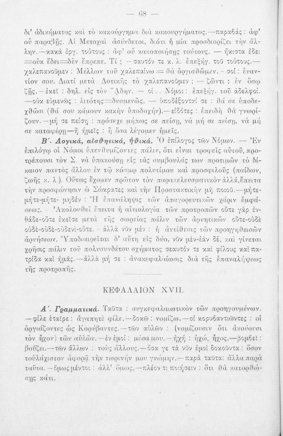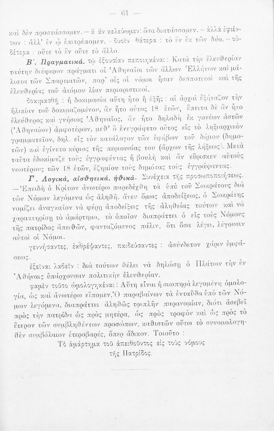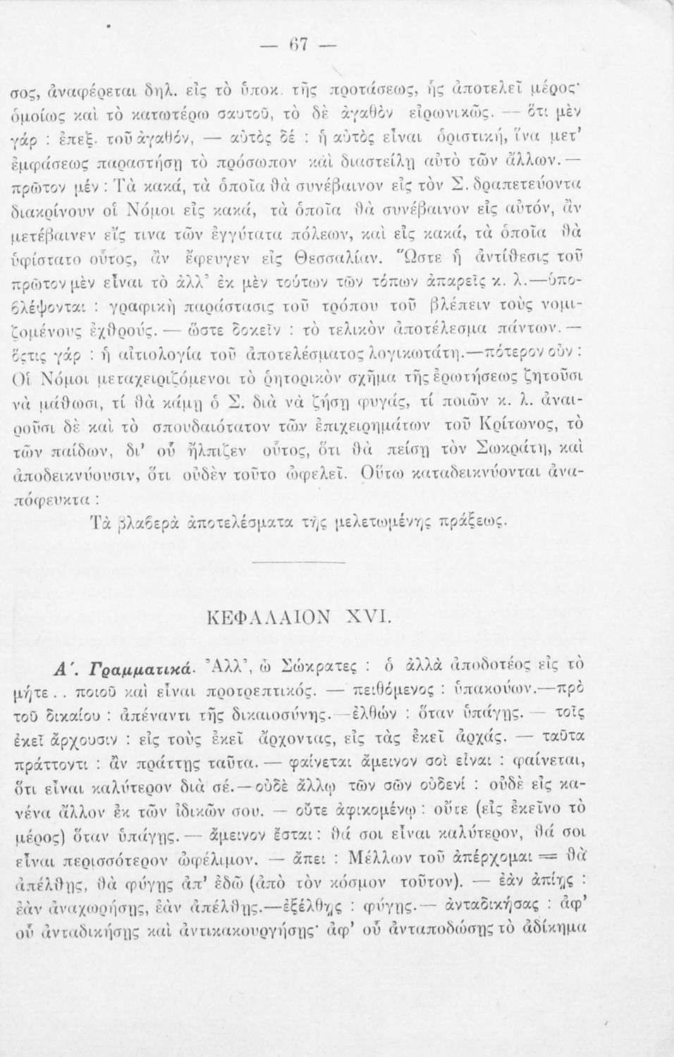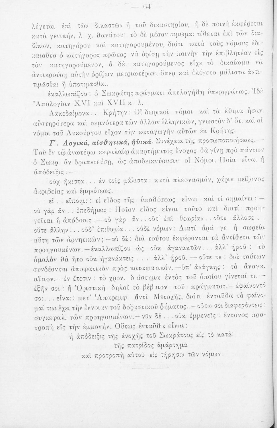 Μαθητικό βοήθημα Αρχαίων Ελληνικών Γ΄ Γυμνασίου που περιέχει σύντομη εισαγωγή στη ζωή και το έργο του Πλάτωνα και του Σωκράτη, κείμενο και ερμηνευτικές και πραγματολογικές σημειώσεις.
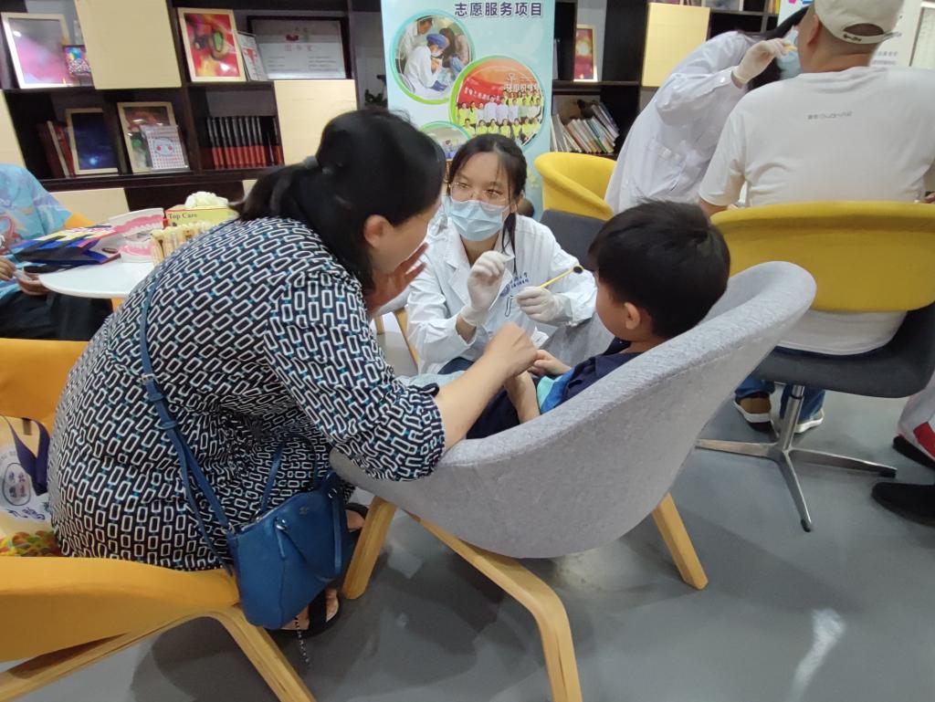 讲座结合特殊儿童的日常特点,进行了详细的日常口腔保健指导,并就特殊儿童常见的临床配合困难及行为诱导问题,介绍了既往经验。活动还提供了现场口腔检查评估,参加活动的小朋友非常开心地与志愿者互动做游戏,由一开始的躲避口镜到配合地张嘴检查,成功迈出第一步。家长们欣喜地表示,活动进一步提振了自己帮助孩子接受正常口腔治疗的信心,非常期待孩子在后续爱心门诊的表现。活动后,需要进一步口腔诊疗的特殊儿童,都成功预约了后续公益性“星星门诊日“的爱心门诊。
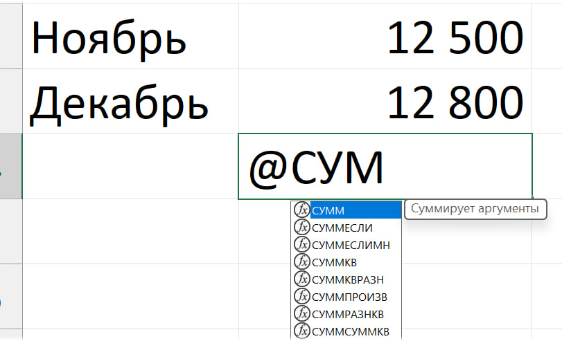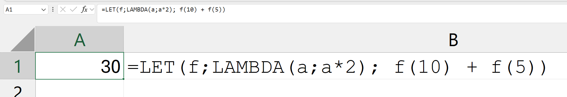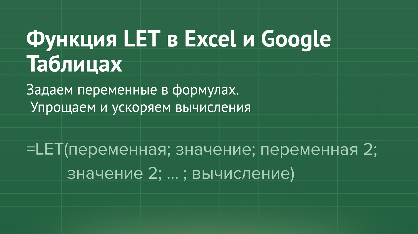 Если захотите секунд на 5 заглянуть в прошлое и найти связь Excel с VisiCalc — она есть не только в названиях функций. | | | | Введите @ (а именно так начинались формулы в VisiCalc) и вводите название функции (например, СУММ) — и увидите, что собачка работает как знак «равно», вы вводите формулу. | | | | Функция LET. Переменные и именованные функции внутри формулы | | | | В ситуациях, когда в формуле приходится использовать какой-то промежуточный результат много раз, пригодится новая функция LET. Она есть в Excel 2021/2024/365 и Google Таблицах.
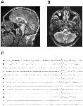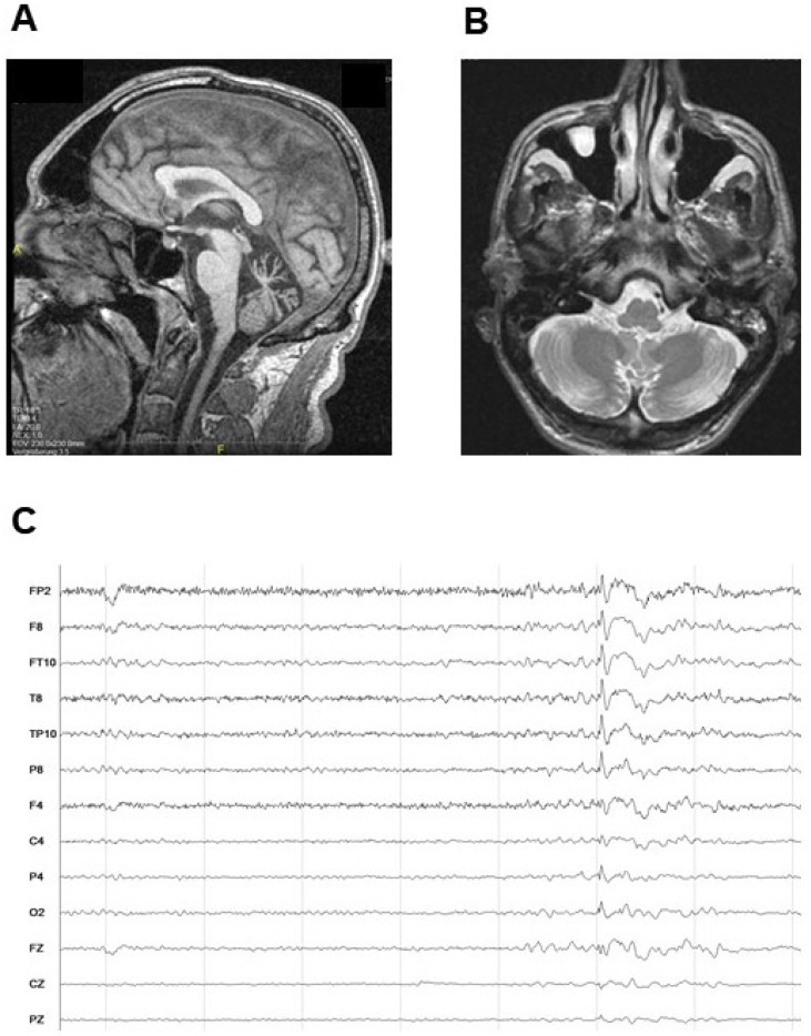 Figure 1. The patient presents with cerebellar atrophy and epilepsy. (A) Brain MRI section showing marked atrophy of the cerebellar vermis (T1-weighted image). (B) Brain MRI section showing slight atrophy of the cerebellar hemispheres (T2-weighted image). (C) Interictal EEG showing a frontotemporal spike, most prominent in the temporal leads (FT10, T8, TP10).

━━━

→ Exercise requirements:
Each line above should be written out again unchanged; no images are to be carried over.

→ Task response:
 Μαθητικό βοήθημα Αρχαίων Ελληνικών Γ΄ Γυμνασίου που περιέχει σύντομη εισαγωγή στη ζωή και το έργο του Πλάτωνα και του Σωκράτη, κείμενο και ερμηνευτικές και πραγματολογικές σημειώσεις.
 讲座结合特殊儿童的日常特点,进行了详细的日常口腔保健指导,并就特殊儿童常见的临床配合困难及行为诱导问题,介绍了既往经验。活动还提供了现场口腔检查评估,参加活动的小朋友非常开心地与志愿者互动做游戏,由一开始的躲避口镜到配合地张嘴检查,成功迈出第一步。家长们欣喜地表示,活动进一步提振了自己帮助孩子接受正常口腔治疗的信心,非常期待孩子在后续爱心门诊的表现。活动后,需要进一步口腔诊疗的特殊儿童,都成功预约了后续公益性“星星门诊日“的爱心门诊。
 Если захотите секунд на 5 заглянуть в прошлое и найти связь Excel с VisiCalc — она есть не только в названиях функций. | | | | Введите @ (а именно так начинались формулы в VisiCalc) и вводите название функции (например, СУММ) — и увидите, что собачка работает как знак «равно», вы вводите формулу. | | | | Функция LET. Переменные и именованные функции внутри формулы | | | | В ситуациях, когда в формуле приходится использовать какой-то промежуточный результат много раз, пригодится новая функция LET. Она есть в Excel 2021/2024/365 и Google Таблицах.
 Figure 1. The patient presents with cerebellar atrophy and epilepsy. (A) Brain MRI section showing marked atrophy of the cerebellar vermis (T1-weighted image). (B) Brain MRI section showing slight atrophy of the cerebellar hemispheres (T2-weighted image). (C) Interictal EEG showing a frontotemporal spike, most prominent in the temporal leads (FT10, T8, TP10).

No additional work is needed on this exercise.